Authors :
Presenting Author: Racheal Smetana, PsyD, ABPP – University of Virginia Health
Matthew Rumschlag, MD – University of Virginia Health
Anthony Longoria, PhD – University of Virginia Health
Nikhil Reddy, , – University of Virginia Health
Ifrah Zawar, MD MS-CR – University of Virginia Heatlh
Shayan Moosa, MD – University of Virginia Heatlh
W. Jeffrey Elias, MD – University of Virginia Heatlh
Kristine Ziemba, MD, PhD – University of Virginia Health
Nathan Fountain, MD – University of Virginia Heatlh
Rationale:
Anterior temporal lobectomy (ATL) and laser interstitial thermal therapy (LITT) are effective surgical approaches for treating temporal lobe epilepsy. Both approaches come with a degree of cognitive risk, with most previous studies focused on neurocognitive outcomes associated with dominant hemisphere surgery.

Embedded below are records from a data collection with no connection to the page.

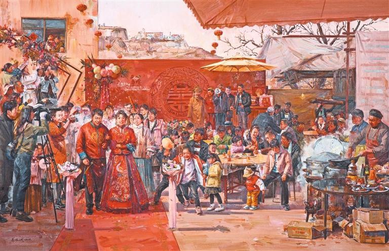 《成紀二月喜盈門》描繪了秦安一對新人舉辦婚禮的場景。身著傳統(tǒng)服飾的新人,在親朋好友祝福中朝觀眾走來。靜心觀察,會發(fā)現(xiàn)每個人都充滿鮮明的角色感,樸拙的外表、內蘊的情感、濃厚的民俗、歡樂的場景,共同交織成一方地域上的斑斕畫卷。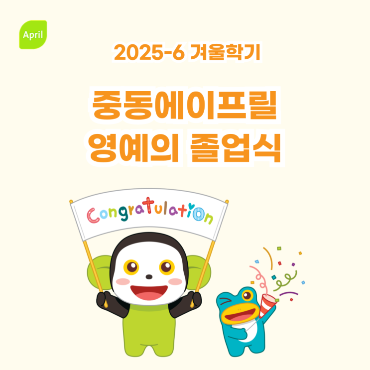 안녕하세요! 청담에이프릴어학원 부천중동 캠퍼스 입니다! 이번 학기부터 중동분원을 졸업하게 되는 영예의 졸업생들을 축하하기 위하여 즐겁고 행복한 졸업식을 진행하였습니다. :) 1. 초6 졸업생 26년도 새로운 한 발을 내딛게 되는 우리 초6학년 학생들을 중동에이프릴이 진심으로 축하합니다! 중학교에 진학해서 더욱더 멋지게 성장할 모습을 기대합니다~ 2. Junior Master 2 졸업생 에이프릴어학원의 꽃 주니어마스터 2 레벨을 성공적으로 완수한 우리 자랑스러운 학생들! 청담어학원으로 연계하여 더 높이 도약할 준비를 하고 있습니다~♡ 우리 친구들과 함께 할 수 있어 매우 행복하고 뜻깊었던 중동에이프릴 입니다! 언제나 믿고 격려해....... <img src="https://blogthumb.pstatic.net/MjAyNjAzMDNfMTMy/MDAxNzcyNTE4MTA1NjY4.BryLr7srcfyXZQdzkkPdjgv_fNtmBQ3pBKzkUjbIR8gg.mQSJSH4orsZ5gWQrwGuNdqL92x1wH_9CngVrdXooTr4g.PNG/%BA%ED%B7%CE%B1%D7-%C4%BF%B9%F6_%BA%B9%BB%E7%BA%BB-069.png?type=s3" />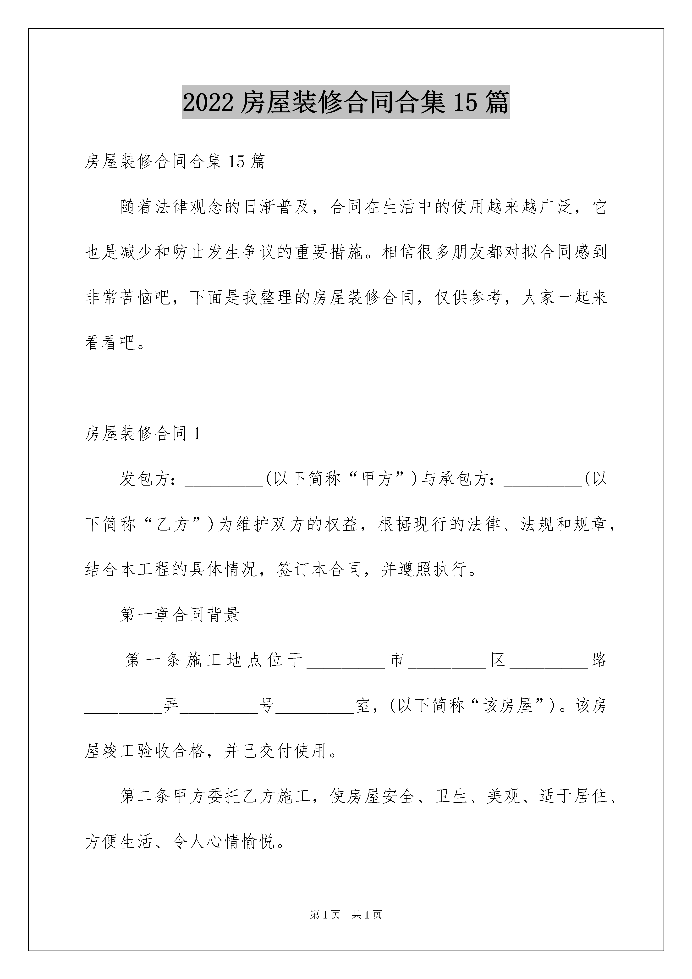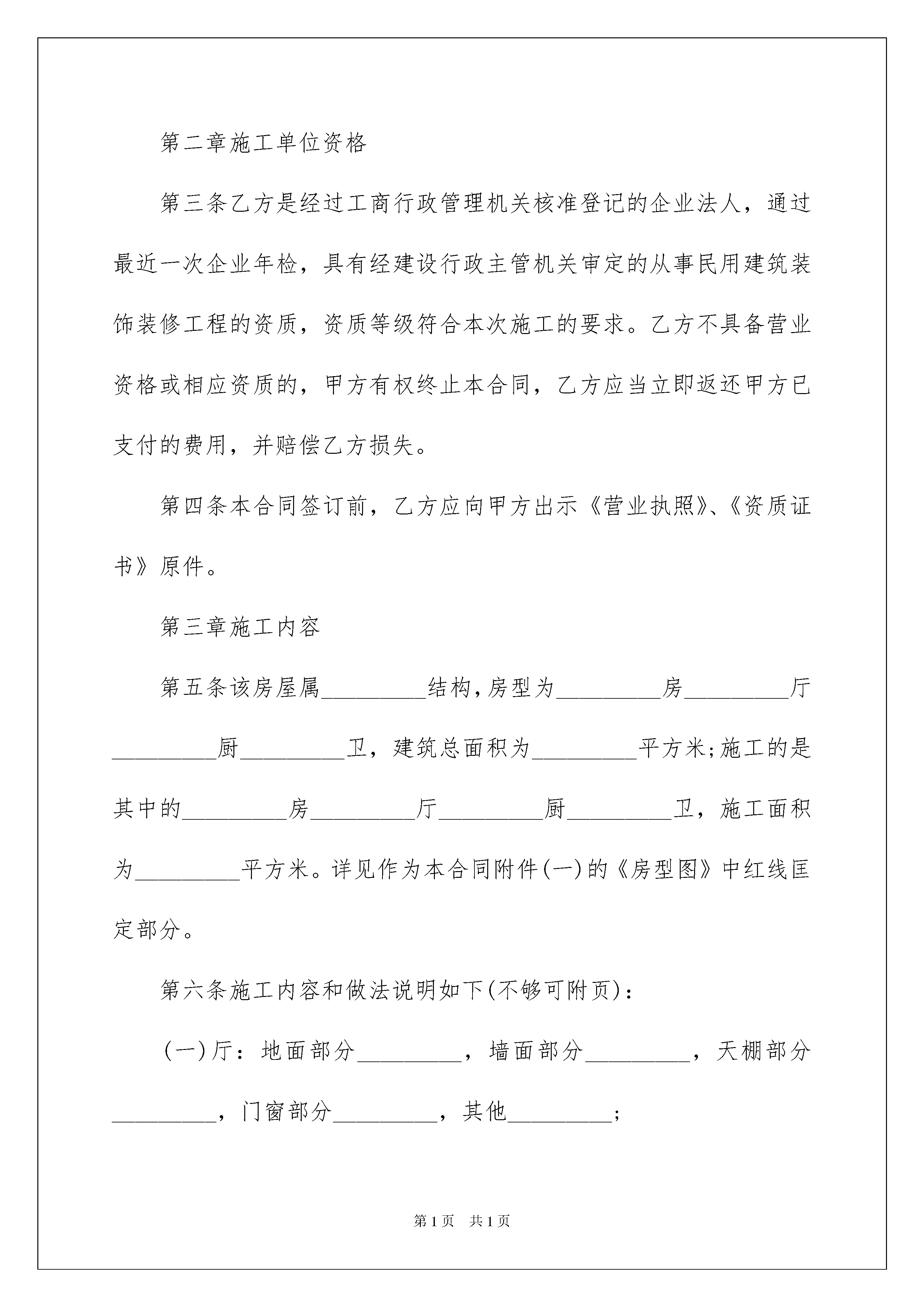 2022房屋装修合同合集15篇房屋装修合同合集15篇随着法律观念的日渐普及,合同在生活中的使用越来越广泛,它也是减少和防止发生争议的重要措施。相信很多朋友都对拟合同感到非常苦恼吧,下面是我整理的房屋装修合同,仅供参考,大家一起来看看吧。房屋装修合同1发包方:_________(以下简称“甲方”)与承包方:_________(以下简称“乙方”)为维护双方的权益,根据现行的法律、法规和规章,结合本工程的具体情况,签订本合同,并遵照执行。第一章合同背景第一条施工地点位于_________市_________区_________路_________弄_________号_________室,(以下简称“该房屋”)。该房屋竣工验收合格,并已交付使用。第二条甲方委托乙方施工,使房屋安全、卫生、美观、适于居住、方便生活、令人心情愉悦。第二章施工单位资格第三条乙方是经过工商行政管理机关核准登记的企业法人,通过最近一次企业年检,具有经建设行政主管机关审定的从事民用建筑装饰装修工程的资质,资质等级符合本次施工的要求。乙方不具备营业资格或相应资质的,甲方有权终止本合同,乙方应当立即返还甲方已支付的费用,并赔偿乙方损失。第四条本合同签订前,乙方应向甲方出示《营业执照》、《资质证书》原件。第三章施工内容第五条该房屋属_________结构,房型为_________房_________厅_________厨_________卫,建筑总面积为_________平方米;施工的是其中的_________房_________厅_________厨_________卫,施工面积为_________平方米。详见作为本合同附件(一)的《房型图》中红线匡定部分。第六条施工内容和做法说明如下(不够可附页):(一)厅:地面部分_________,墙面部分_________,天棚部分_________,门窗部分_________,其他_________;(二)房:地面部分_________,墙面部分_________,天棚部分_________,门窗部分_________,其他_________;(三)厨:地面部分_________,墙面部分_________,天棚部分_________,门窗部分_________,其他_________;(四)卫:地面部分_________,墙面部分_________,天棚部分_________,门窗部分_________,其他_________;(五)其他:地面部分_________,墙面部分_________,天棚部分_________,门窗部分_________,其他_________;前款没有说明的,依作为本合同附件(二)的《装修施工图》确定。第四章材料、设备和价款第七条施工使用的材料和设备见作为本合同附件(三)的《主要材料报价单》、作为本合同附件(四)的《辅助材料报价单》,乙方的人工费见作为本合同附件(五)的《人工费报价单》。第八条该房屋工程总价款为_________元,其中材料费_________元、人工费_________元、管理费_________元、设计费_________元、垃圾清运费_________元、税金_________元、其他费用_________元。工程总价款是各分项价款的总和。前款所述的总价款和分项价款是乙方的预算价格。结算价格超出预算价格的,甲方按预算价格支付工程总价款;结算价格低于预算价格的,甲方按结算价格支付工程总价款。第九条乙方对材料费、人工费、管理费、设计费、垃圾清运费的报价,不得超过本合同签订时该费用的市场平均价格。乙方在本合同中的报价超过市场平均价格的,按市场平均价格结算。双方对前款所述的市场平均价格有异议的,可以委托价格评估部门评估,价格评估部门的评估结论,双方应当接受。第九条乙方应在《主要材料报价单》和《辅助材料报价单》中注明材料和设备的名称、生产厂厂名、厂址、品牌、型号、规格、等级、价格和数量。乙方提供并已经使用的材料和设备与《主要材料报价单》和《辅助材料报价单》的规定不符的,甲方有权选择以下列方式之一处理,乙方应当接受:(1)甲方同意继续使用的,乙方免收该材料和设备的费用;(2)甲方不同意继续使用的,乙方应当根据《主要材料报价单》和《辅助材料报价单》的规定更换和重做,更换后的材料和设备费减半收取,原工期不变。第十条乙方应当提交说明书、保修单、环保说明书和购货发票复印件,甲方要求与原件核对的,乙方应当同意。发票上应当载明产品名称、品牌、型号、规格、等级、价格和数量。第十一条乙方提供的材料和设备质量必须符合国家标准,有质量检验合格证明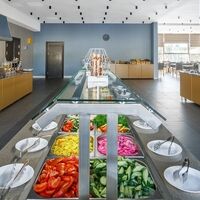 • питание по системе «ULTRA Всё включено»: 3-х разовое питание по системе «шведский стол» с детским меню, промежуточное питание: снеки, закуски, выпечка собственного производства, бар с алкогольными и безалкогольными напитками. На шведской линии во время обеда и ужина предоставляются охлажденные вина 4-х видов региональных виноделов (красные/белые, сухие/полусладкие);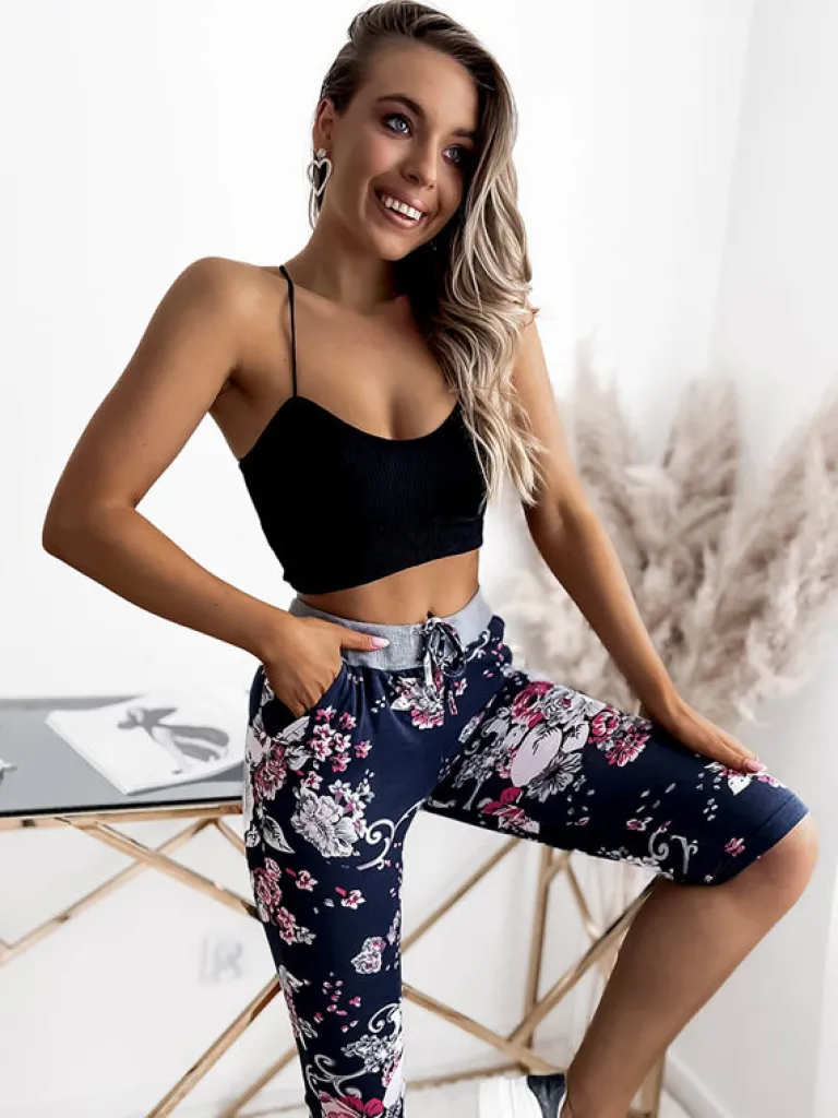 - Wygodne damskie spodenki 3/4 z kieszeniami, wykonane z tkaniny bawełnianej w kwiaty. Model posiada gumę oraz wiązane toczki w pasie. UWAGA: Dokładność pomiaru (+/-) 1 cm.

The purpose of the current study was to investigate neurocognitive outcomes following ATL and LITT in patients with dominant and non-dominant mesial temporal lobe epilepsy. Methods:
This is a single center, retrospective cohort of patients who underwent temporal lobe surgery between 2013 and 2023. Of all patients undergoing surgery, 25 patients underwent neuropsychological testing pre- and post-operatively (LITT n=19; ATL n=6). The cohort was predominantly right-handed (89%) with 62% females and 62% undergoing dominant-hemisphere surgery. Overall mean age at time of surgery was 40 years and did not differ significantly between surgery type (ATL mean=36; LITT mean=42). Age of seizure onset was earlier in ATL patients (mean=9.8 years) than LITT (mean=23.7 years). Average preoperative IQ was similar between surgery types (ATL mean=90.6; LITT mean=87.8). A linear mixed model was used to account for unequal sample sizes between surgery types. Twelve neurocognitive scores were analyzed within the domains of language, verbal memory, visual memory, and executive functioning. Neurocognitive scores between time (pre- and post-operative) and within surgery characteristics (surgery type, side) were analyzed. Results:
There were no significant differences between pre- and post-operative performance on the neurocognitive measures with both groups combined. Scores for LITT were significantly different and superior to ATL postoperatively for immediate (F [1,18.25] = 5.27, p =.034) and delayed (F [1,18.46] = 12.78, p =.002) verbal story memory and immediate (F [1,21.65] = 7.44, p =.012) and delayed (F [1,21.98] = 4.39, p =.048) visual memory. Dominant hemisphere surgery was consistently associated with significantly lower scores across nearly all neurocognitive measures post-operatively.
Conclusions:
Consistent with previous literature, patients who underwent ATL showed worse performance on immediate and delayed memory measures post-operatively, regardless of laterality. Patients who underwent dominant hemisphere surgery, either ATL or LITT, showed worse performance across cognitive domains, including those not traditionally associated with left temporal functions (such as visual memory and executive functions). Findings suggest that LITT has less effect on specific types of memory than ATL, but more research is needed. Funding: None.